**Supplied material:**
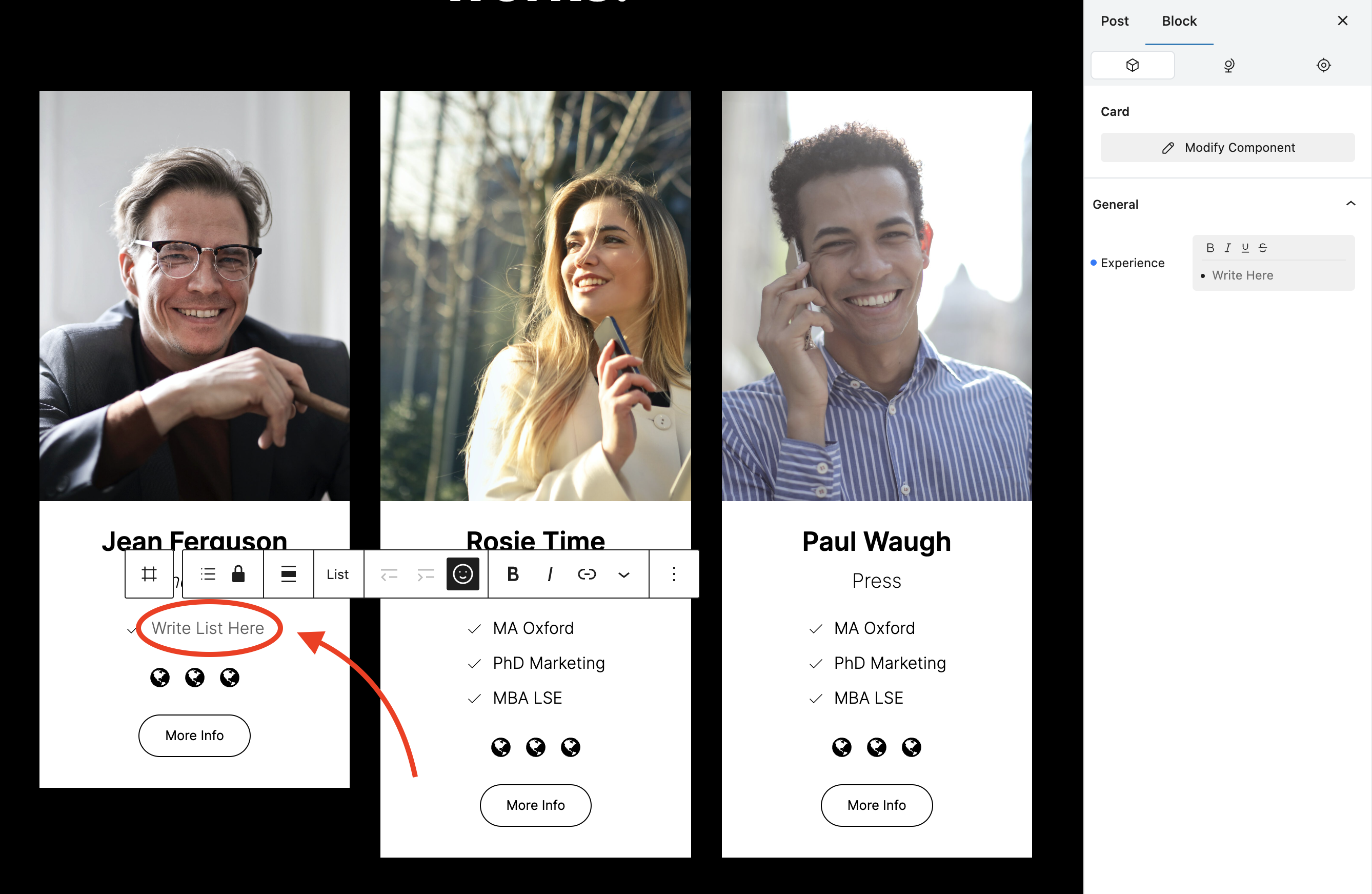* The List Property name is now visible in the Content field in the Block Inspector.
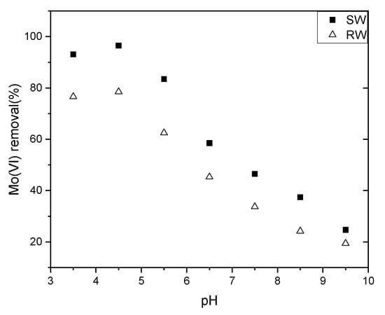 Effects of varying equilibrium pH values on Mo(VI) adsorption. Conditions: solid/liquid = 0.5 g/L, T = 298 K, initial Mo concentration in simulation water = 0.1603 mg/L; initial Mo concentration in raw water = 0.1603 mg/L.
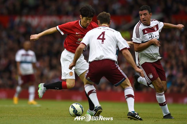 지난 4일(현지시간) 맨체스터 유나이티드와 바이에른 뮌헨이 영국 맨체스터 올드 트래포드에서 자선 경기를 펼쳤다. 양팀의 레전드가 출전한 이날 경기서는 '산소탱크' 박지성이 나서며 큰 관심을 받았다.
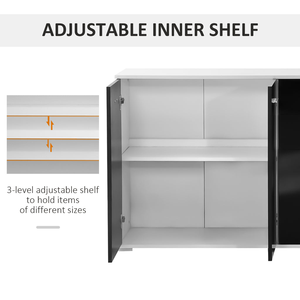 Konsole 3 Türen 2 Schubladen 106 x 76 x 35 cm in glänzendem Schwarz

**What is needed:**
Repeat only the lines from the one holding "지난 4일(현지시간) 맨체스터" through the last line of the data, inclusive. Keep the pictures out.

**Answer to this problem:**
 지난 4일(현지시간) 맨체스터 유나이티드와 바이에른 뮌헨이 영국 맨체스터 올드 트래포드에서 자선 경기를 펼쳤다. 양팀의 레전드가 출전한 이날 경기서는 '산소탱크' 박지성이 나서며 큰 관심을 받았다.
 Konsole 3 Türen 2 Schubladen 106 x 76 x 35 cm in glänzendem Schwarz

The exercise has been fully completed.